診室裏,晚上值班的老醫生手裏拿著anna各種各樣的檢查報告。

“放心吧,都好著呢!”

“醫生,麻煩你再仔細查查!”

“都說沒事了,你這人,非要查出有事才開心事吧!”

“那謝謝啊!”

“不客氣,她不能再受傷,脊椎的血管脆著呢,危險!”這老醫生惜字如金。

“好的。”段知遙推著anna走出急診室。

“碧霄-”

“嗯?”

“現在,你想去哪?”

“我們還能回農莊嗎?”

“當然可以,我以為你不想去!”

“不想去?我為什麽要不想去呢?”

“吳碧君啊!”他提到這個名字有點尷尬。

“我還怕你不想見到她呢!”anna打趣道。

“我完全可以無視他,再說,我們為什麽要被一個不相幹的人影響呢!”

“嗯,同意,所以我們更要回去了。”anna讚同的點了下頭。

“還要玩得很開心!”他接著道。原來兩個人都喜歡迎難而上啊。

回到農莊,一下車就看見幾位穿著職業西裝的男人筆直地站在停車場的出口處。

“段先生,這位小姐,你們好,陳老先生知道您來了請您去他那兒敘舊!”領頭的男人恭敬地看著段知遙。

“好。
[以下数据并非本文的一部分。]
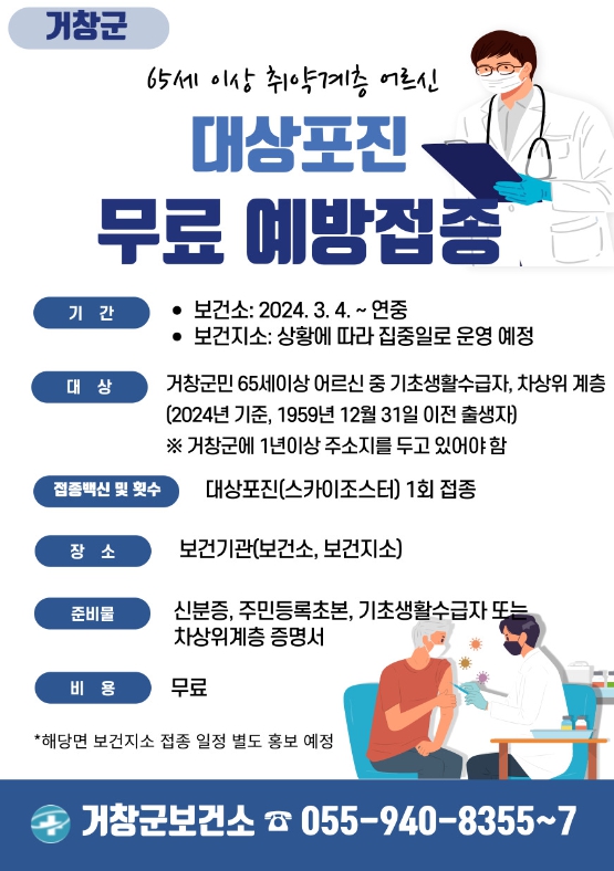 1년 이상 거창군에 거주한 65세 이상 취약계층 어르신이면 무료로 접종이 가능하며, 면지역 보건지소는 추후 접종일을 정할 예정이다.

”

段知遙和anna跟著這些人上了電瓶車,順著大道途徑馬場、菜園來到一個小古堡門前,anna一看這個類似法國古堡的建築就覺得這是個酒莊,擡頭一看古堡正門口上方就有一個用大篆寫的“酒”字,西式建築中式門牌,中西結合,這個主人應該是個很有趣的人。二人一下車,就聽見一個洪亮的聲音,“小段----”,循聲望去,一位年過六旬的老者向這邊走過來。

“老陳---這麽冷的天還出來接我,真不好意思!段知遙三步並作兩步走過去與老者握手。anna估摸著這位應該是這裏的主人,段知遙能喊他老陳可見兩人關系不一般。
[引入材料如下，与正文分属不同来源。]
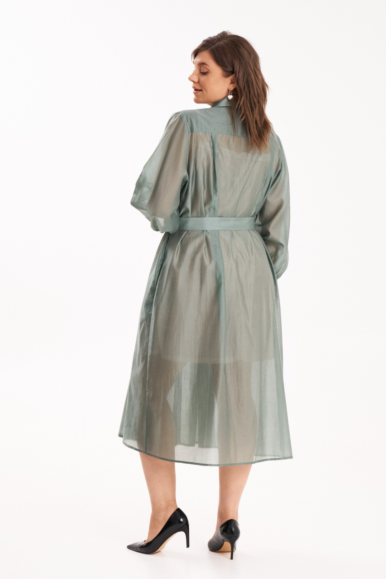 -платье А-силуэта из лёгкой вискозной вуали с рубашечным воротником и застёжкой на планку с пуговицами. По переду от плеча к талии заложены складки декорированные золотыми пуговками. Рукав длиной 7/8 на манжете. Комплектуется нижним платьем-комбинацией.

“這位是我的朋友,蘇碧霄,碧霄,這位就是我跟你說過的陳老,這裏的主人。”段知遙幫二人介紹彼此。

“你好啊,蘇小姐,歡迎你來這裏啊。”老陳笑呵呵的邊說邊伸手。

“陳老,您好,非常榮幸能見到您。”anna也連忙伸出手去跟老陳握手。

“小蘇啊,你也跟小段一樣喊我老陳吧,聽著舒服啊。哈哈。要不是餐廳經理跟我匯報剛才餐廳有人打起來了,我還不知道你來了,你真不夠意思,來了也不跟我說,正好,今天來了新酒,你們來幫我試酒。”老陳雖然比瑞矮了大半個頭,但還是親密地將手搭在瑞的肩膀上。段知遙向老陳表明了anna的情況後就抱起了anna,三人一同走進古堡裏,裏面是完全的中式裝修風格,連一大排的酒櫃都是雕花榆木做的,非常精致。大廳中間擺著一張大約5米長2米寬的金絲楠木桌,桌子的外圍一共放了十把金絲楠木椅,好家夥,這一套至少得百把萬吧,嘖嘖,低調的奢華。再往裏面走下十幾級節臺階是間五邊形的地窖,立在墻上的是緊貼著五面墻的五大排酒櫃。老陳拿了瓶酒將酒倒進醒酒器便走上來。帶著段知遙和anna走進一個包間,老趙和段知遙坐在沙發上,anna坐在段知遙旁邊。原來大廳的這一邊有好幾個包間,應該都是對外開放的。段知遙熟練的從吧臺拿出紅酒杯,看來他也常來這裏品酒。醒酒,倒酒,老陳和他聞了聞酒香後押了一小口細細品味著,anna將身體往後靠了靠,品酒是件愜意的事,自然坐姿也要讓自己覺得舒服,anna端起酒杯稍微嗅了下細細的抿一口酒,然後揚起脖子一口幹了,anna讓酒在自己的嘴巴裏停留了2秒鐘便“咕”的一下咽了下去。這一舉動讓瑞和老陳僵住手中的動作詫異的看向anna,這不是品,這是喝。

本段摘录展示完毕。